Hoffnung auf schnelle Hilfe

Franz Lippmann bedankt sich bei Kriegsende 1945 bei Max Plaut für die Nachricht über das Schicksal seines Bruders und hofft auf schnelle Hilfe für die überlebenden Juden:

Lieber Dr. Plaut,

Ihr Brief vom 18. Dezember hat mich leider erst recht spät erreicht, da der gewöhnliche Briefverkehr zwischen unseren Ländern im Gegensatz zum Luftverkehr sehr lange dauert. Ich danke Ihnen, auch im Namen meines Bruders in Sydney, dem ich natürlich Ihren Brief eingesandt hatte, für Ihren Bericht. Es hat uns natürlich sehr wohl getan, nun so ausführlich über die letzten Stunden meines Bruders und meiner Schwägerin von Ihnen zu hören und zu wissen, daß Sie, Dr. Wolffsohn und sogar auch Herr Böe noch bis zuletzt mit ihnen zusammen waren. Ich fühle, daß meinem Bruder - der ja gesundheitlich sicher nicht mehr stark genug war, die schweren Jahre zu überstehen, durch seinen Freitod unsagbares und nutzloses Leiden erspart worden ist und der selbstgewählte Tod für ihn wirklich ein Ende der seelischen und körperlichen Leiden und somit das Finden der wohlverdienten Ruhe und des Friedens des Todes bedeutete.

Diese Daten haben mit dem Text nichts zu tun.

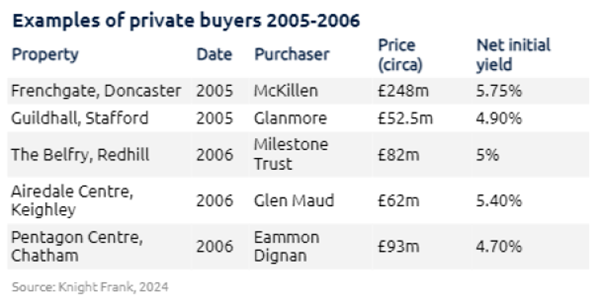 Private investors (principally Irish) and smaller property companies dominated the heady period leading up to the global financial crisis (GFC). Fuelled by readily available cheap debt from accommodating lenders, these buyers acquired nearly three-quarters of all shopping centres sold in the 2005-07 period. Generous LTVs from domestic and Irish banks drove pricing to levels unlikely to ever be seen again in the shopping centre market.

Für seine früher so starke und tatkräftige Frau, von der Sie so wenig schrieben, hätte ich mir noch ein Überleben all der Leiden und von Theresienstadt vorstellen können. Jedenfalls danke ich Ihnen, l[ieber] Dr. Plaut, von Herzen für alles, was Sie für die lieben Verstorbenen getan haben. Besonderen Dank auch für Ihre Mitteilungen über Herrn Böe und auch über den Verkauf der Einrichtung etc. an den Sekretär Behn etc. Wer weiß, ob wir noch jemals von diesen etwas hören werden und was überhaupt von den Menschen und den Werten die jetzigen Kämpfe um Hamburg überleben wird, nachdem die Naziverbrecher nicht ruhen, bevor sie nicht ganz Deutschland zerstört und vernichtet haben. Mit dem Retten von in Deutschland geraubten und zurückgelassenen Vermögen, wird es befürchte ich - nicht weit her sein. Ich hoffe aber mit Ihnen, daß es Ihnen - wie Sie hoffen - noch gelingen wird, genügend zu retten, um sich dort eine neue Existenz zu gründen. Mir ist das bisher leider auch nicht recht geglückt, denn können wir uns alle ja glücklich schätzen, ein neues Heimatland und ein neues Leben gefunden zu haben, selbst wenn es schwerer als dasjenige ist, was wir mal geführt haben. Wenn Sie mir gelegentlich noch etwas über das Leben und die Tätigkeit meines Bruders in den letzten Jahren berichten könnten, wäre ich Ihnen dankbar, damit ich sein Lebensbild ganz abrunden kann. Wissen Sie, was aus John Hausmann & seiner Frau geworden ist?

12. Mai 1945

Leider ist dieser Brief hier verzögert worden und komme ich erst heute dazu, ihn zu beendigen. Inzwischen ist die Niederlage unserer Feinde besiegelt worden und der Krieg in Europa und damit hoffentlich auch die unsagbaren Leiden unserer armen Glaubensgenossen bald beendigt. Ich hoffe nur, daß es möglich ist, den Überlebenden bald die notwendige Hilfe und Freiheit und Lebensmöglichkeiten zu bringen und daß ihnen die dafür notwendigen und jetzt noch verschlossenen Grenzen schnell und rechtzeitig geöffnet werden. Ihnen selbst wünsche ich von Herzen alles Gute.